Hoping to visit my son and family one weekend and my daughter said she would meet me there [uninvited] saying "We''ll pop over there" I feel stressed that My son and wife are not expecting her visit.I feel like cancelling to avoid conflict. My Daughter always avoids visiting her other Brother if I go there. I feel trapped. I can remember having being invited to 2 Christmas Dinners one time and being unable to refuse! Am I worrying too much?

quizqueen Fri 14-Jun-19 15:48:59

If it's a problem that your daughter wants to pop in to see her brother at the same time as you are visiting, why did you tell her you were going!

Tillybelle Fri 14-Jun-19 15:49:02

Ditto BrandyButter

And sort out your relationship with them all if you can. I can understand trying to get on and not upset any of them but you need to remember you are the Mum and that tiptoeing round people does not help. Just cheerfully keep things out in the open.

Buffybee Fri 14-Jun-19 16:05:20

nana15 can you tell your Son that you happened to mention to his Sister that you were going to visit him and she said that she would see you there. Is that going to be ok or not?
If it's not ok with your Son, I would cancel the visit for this time and next time you arrange visiting your Son, don't mention to your daughter.

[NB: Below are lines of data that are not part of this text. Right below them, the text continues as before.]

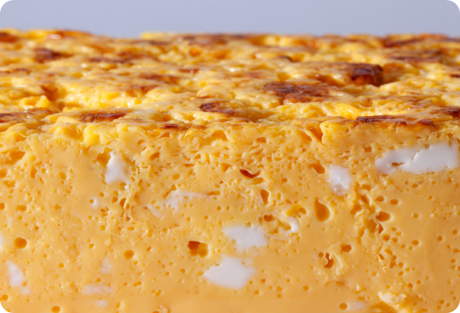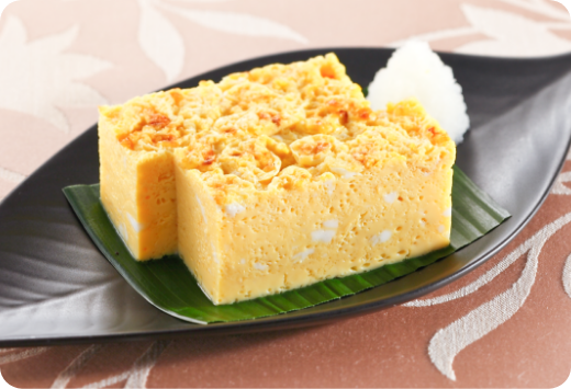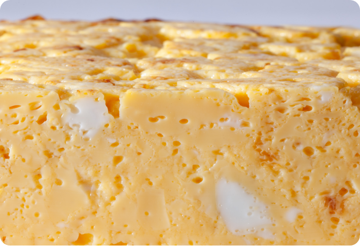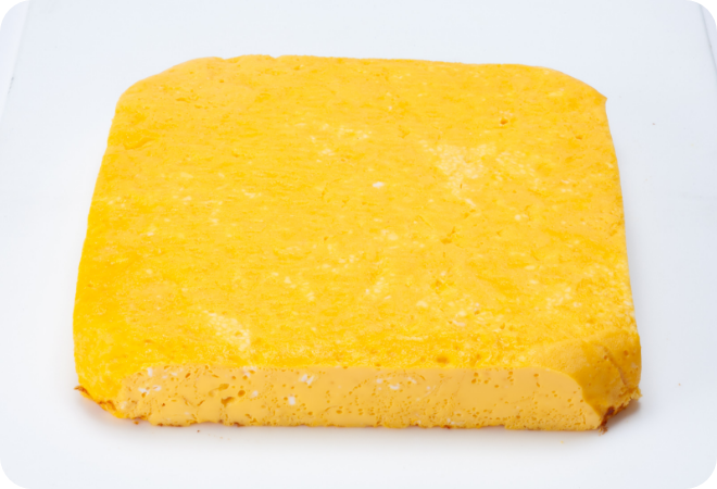 内部に小さな気泡が少し残り、全体的にふんわり仕上がっている。表面にはほどよい焼き色がつき、見た目・食感ともに卵焼きらしい仕上がりに。
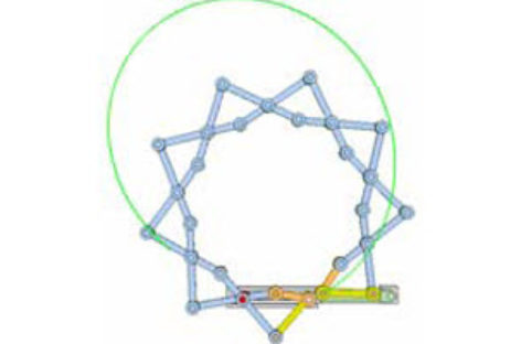 [Mô phỏng cơ cấu cơ khí] Cơ cấu kéo cắt 1b Khâu dẫn: tay quay màu cam được dẫn động bởi xy lanh lục. Khâu bị dẫn: con trượt đỏ chạy
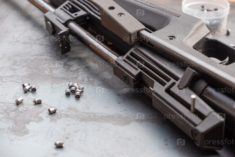 Пневматическая стрельба. пневматическая винтовка и пули на стальном столе. На фоне стали крупным планом лежит черная пневматическая винтовка, рядом разбросаны патроны
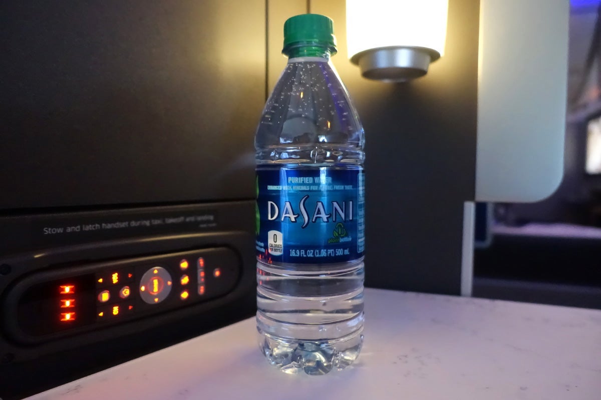 After breakfast, a flight attendant came by with bottles of water, which I always appreciate having at my seat.

annep1 Fri 14-Jun-19 17:25:39

Gosh it's a bit much when you can't telk your children you are visiting one of them But I too have the problem. When my daughter comes I can't tell my son. Very awkward for parents. Children need to get a grip!

Ameliarose Sat 15-Jun-19 11:44:17

Like others wish I had a brother or sister who popped in

Sara65 Sat 15-Jun-19 12:17:57

My children always aim to visit my mother together, they find it less of a strain I think !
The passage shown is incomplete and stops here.